Beginning July 10, Fridays will become the official worldwide album-release day in over 45 countries, an initiative led by the the International Federation of the Phonographic Industry, which represents over 1,300 record companies globally. Previously, different territories had different release dates. Here in the United States, Tuesday has been the traditional release day for decades, and the change is meant to help the music business align itself in the digital age on a global scale. Does any of this really matter to music fans? Well, here are five things you can expect after the shift:
Billboard and Nielsen will publish charts on a new schedule.
Going forward, streaming, album, and single-track sales will now be based on a Friday-through-Thursday period, and Billboard will publish new charts every Tuesday morning instead of on Thursdays, as it has done historically.
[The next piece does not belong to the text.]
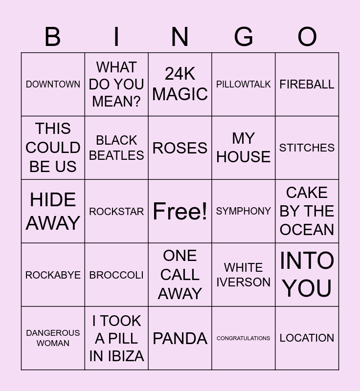 This bingo card has a free space and 34 words: HELLO, CONGRATULATIONS, SIT STILL, LOOK PRETTY, THIS IS WHAT YOU CAME FOR, ROCKABYE, BLACK BEATLES, FIREBALL, DANGEROUS WOMAN, WHAT DO YOU MEAN?, JUJU ON THAT BEAT, ROSES, 24K MAGIC, YOUR LOVE IS MY DRUG, CAN'T FEEL MY FACE, SYMPHONY, STITCHES, I TOOK A PILL IN IBIZA, HIDE AWAY, BROCCOLI, WHITE IVERSON, ONE CALL AWAY, CHEAP THRILLS, DOWNTOWN, CAKE BY THE OCEAN, PANDA, LOCATION, PILLOWTALK, OUI, MY HOUSE, THIS COULD BE US, HEARTLESS, ROCKSTAR, INTO YOU and NO.

From Billboard: “In response to the IFPI’s global release date announcement, Billboard and Nielsen Music will adjust the tracking weeks for most Billboard charts. Concurrently, Billboard’s rankings, including the Billboard 200 and Billboard Hot 100, and associated analytical stories, will shift their posting dates on Billboard.com.”
#NewMusicTuesday will be replaced by #NewMusicFriday on Twitter.
As part of a branding initiative, a “New Music Friday” campaign and website have been launched to maximize global awareness and trending-topic potential. So whatever #NewMusic hashtag (insofar as people actually use that hashtag) you’re used to on Twitter every week, expect it to be overtaken by #NewMusicFridays starting in July.
You’ll listen to more music on the weekends.
The change is also meant to give consumers ample opportunity to hear more music when they want it, and according to a study conducted by the IFPI, research shows music fans prefer to listen to and buy new music on Fridays and Saturdays.
Independent artists and labels may suffer.
Billboard reports Martin Mills, chairman and founder of Beggars Group, has been a vocal critic of switch. “I fear this move will also lead to a market in which the mainstream dominates, and the niche, which can be tomorrow’s mainstream, is further marginalized,” said Mills. “I fear it will further cement the dominance of the few — and that is exactly what it is intended to do.” While a global release day means fans can gain access to and coalesce around a new album at the same time, smaller acts may find it more difficult to break through.
There will potentially be fewer opportunities to pirate music.
Weeding out piracy is the record industry’s No. 1 objective with this change. Album sales are its lifeblood, and those numbers are at historic lows. It’s doubtful we’ll ever see any artist sell 2,415,859 units in a week ever again, like ‘N Sync did back in 2000, no matter what day it comes out, but having a coordinated global release plan should help prevent leaks.